This post has taken a while because I haven’t been sure how to write it. I am not great at traditional book reviews because as a lover of literature my reactions to books-good or bad- are often visceral thus hard to put into words. So it was with Stray Dogs, Saints and Saviors, Fighting for the Soul of America’s Toughest High School by Alexander Russo. On top of being a book geek, I am an educator who gets all wound up over the topic of school reform (especially since moving to Jersey). As you can imagine, reviewing this piece was a double whammy.

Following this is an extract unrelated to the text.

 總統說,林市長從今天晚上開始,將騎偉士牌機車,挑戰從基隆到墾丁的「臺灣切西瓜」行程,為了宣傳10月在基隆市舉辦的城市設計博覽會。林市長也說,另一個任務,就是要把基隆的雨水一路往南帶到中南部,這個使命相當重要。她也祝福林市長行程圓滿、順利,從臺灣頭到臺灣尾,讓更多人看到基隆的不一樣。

I have so many sentences underlined and so many exclamation points in the margin of this book, I wasn’t sure what to share. Should I comment on how something simple like grass and trees can make a huge difference or if teacher professional development isn’t a non-negotiable, it all might fall apart? There are so many statements about school reform, educators, administrators and every other player involved that had me shouting, “yes!” I wanted to just reprint parts of this book to make sure people read them. School reform stories are electrically charged. This one is no exception and because I fear I could go off on several tangents, I’ll just stick to the book, not the issues it brings out.

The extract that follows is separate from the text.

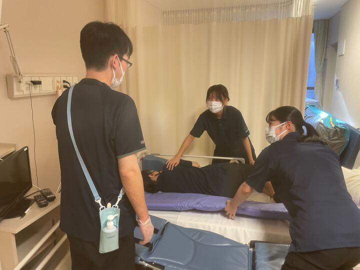 フレックスボードを使った移乗介助。ご利用者の安全安楽を最優先にベッドからリクライニングチェアに移って頂きます。

Stray Dogs, Saints and Saviors is the story of Locke High School. Located in the infamous Watts section of South Central, LA. Locke is the seemingly stereotypical inner city high school we hear horror stories about on 20/20 or Nightline. There were gang wars, horrendous failure and dropout rates and apathetic school systems running the show. Then a group of parents and educators decided to step in and try to do something to take their school back and possibly even help rescue a community.
That’s where Russo takes us. He spent a year in residence chronicling the goings-on at Locke and it’s (as expected) often not pretty, but it’s always honest. At it’s basic level, this book is the story of Locke, the Green Dot Charter Organization and the community of South Central. At it’s depth, this book is an excellent example of the work that it takes to turn around a school, the dedicated people that are necessary and the countless land mines they must navigate in order to do their jobs every single day. I love the way this work is described on the book jacket.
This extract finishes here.